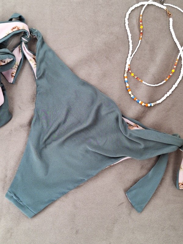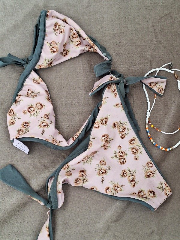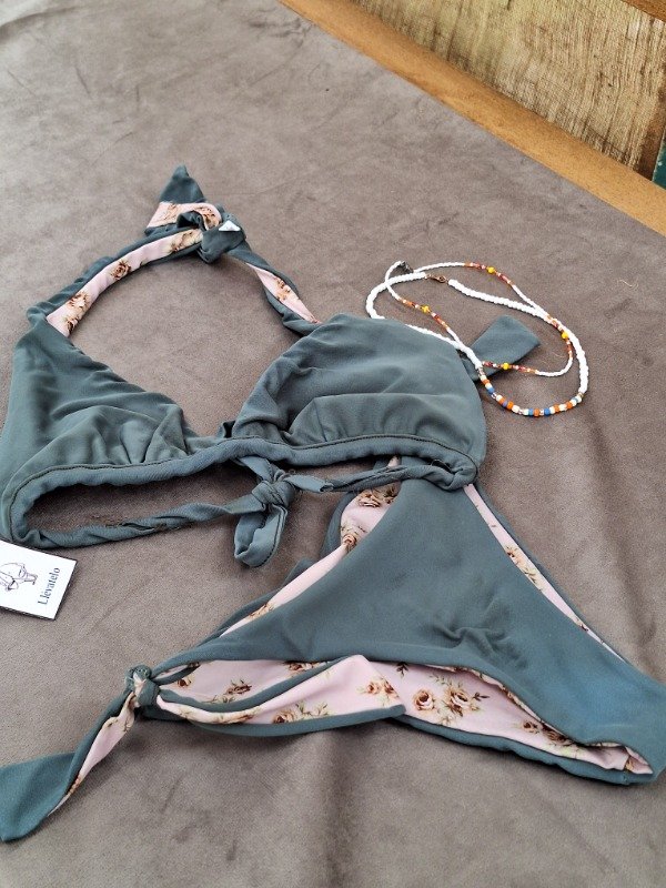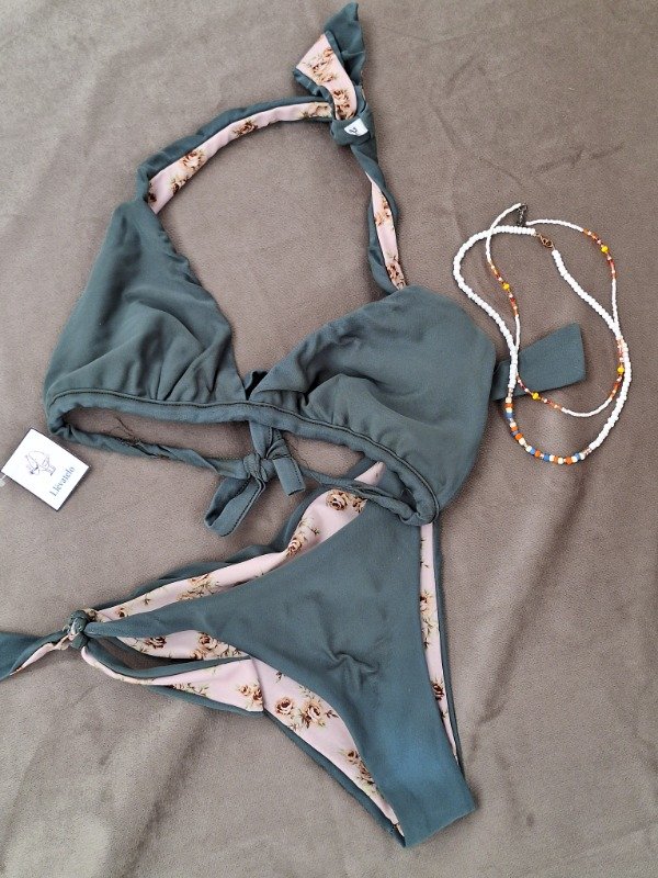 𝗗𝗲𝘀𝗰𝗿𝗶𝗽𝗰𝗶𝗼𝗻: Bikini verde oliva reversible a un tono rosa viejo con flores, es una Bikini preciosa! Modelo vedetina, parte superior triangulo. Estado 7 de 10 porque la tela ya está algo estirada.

····················

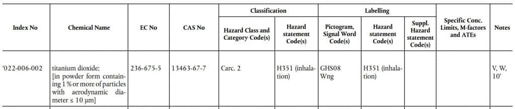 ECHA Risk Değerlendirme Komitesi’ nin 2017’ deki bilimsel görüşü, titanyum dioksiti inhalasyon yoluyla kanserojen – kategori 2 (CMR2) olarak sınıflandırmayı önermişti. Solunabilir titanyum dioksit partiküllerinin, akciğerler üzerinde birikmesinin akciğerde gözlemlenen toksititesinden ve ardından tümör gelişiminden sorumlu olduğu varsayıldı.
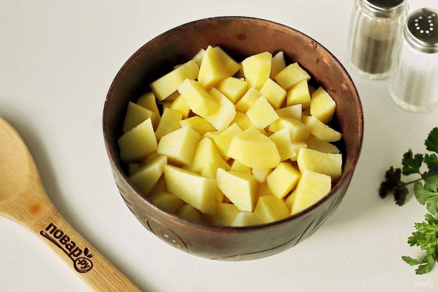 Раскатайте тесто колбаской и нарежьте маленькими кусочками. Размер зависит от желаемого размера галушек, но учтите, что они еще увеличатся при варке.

····················

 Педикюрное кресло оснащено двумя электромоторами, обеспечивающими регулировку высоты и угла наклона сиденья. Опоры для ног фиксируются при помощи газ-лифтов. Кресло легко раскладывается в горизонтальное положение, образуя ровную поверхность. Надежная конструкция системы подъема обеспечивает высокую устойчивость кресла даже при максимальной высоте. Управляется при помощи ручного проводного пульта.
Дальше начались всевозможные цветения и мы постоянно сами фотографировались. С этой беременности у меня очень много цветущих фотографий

····················

Return exactly the lines above, from the one with "ECHA Risk Değerlendirme" up to and including the one with "Раскатайте тесто колбаской", and include no pictures.

 ECHA Risk Değerlendirme Komitesi’ nin 2017’ deki bilimsel görüşü, titanyum dioksiti inhalasyon yoluyla kanserojen – kategori 2 (CMR2) olarak sınıflandırmayı önermişti. Solunabilir titanyum dioksit partiküllerinin, akciğerler üzerinde birikmesinin akciğerde gözlemlenen toksititesinden ve ardından tümör gelişiminden sorumlu olduğu varsayıldı.
 Раскатайте тесто колбаской и нарежьте маленькими кусочками. Размер зависит от желаемого размера галушек, но учтите, что они еще увеличатся при варке.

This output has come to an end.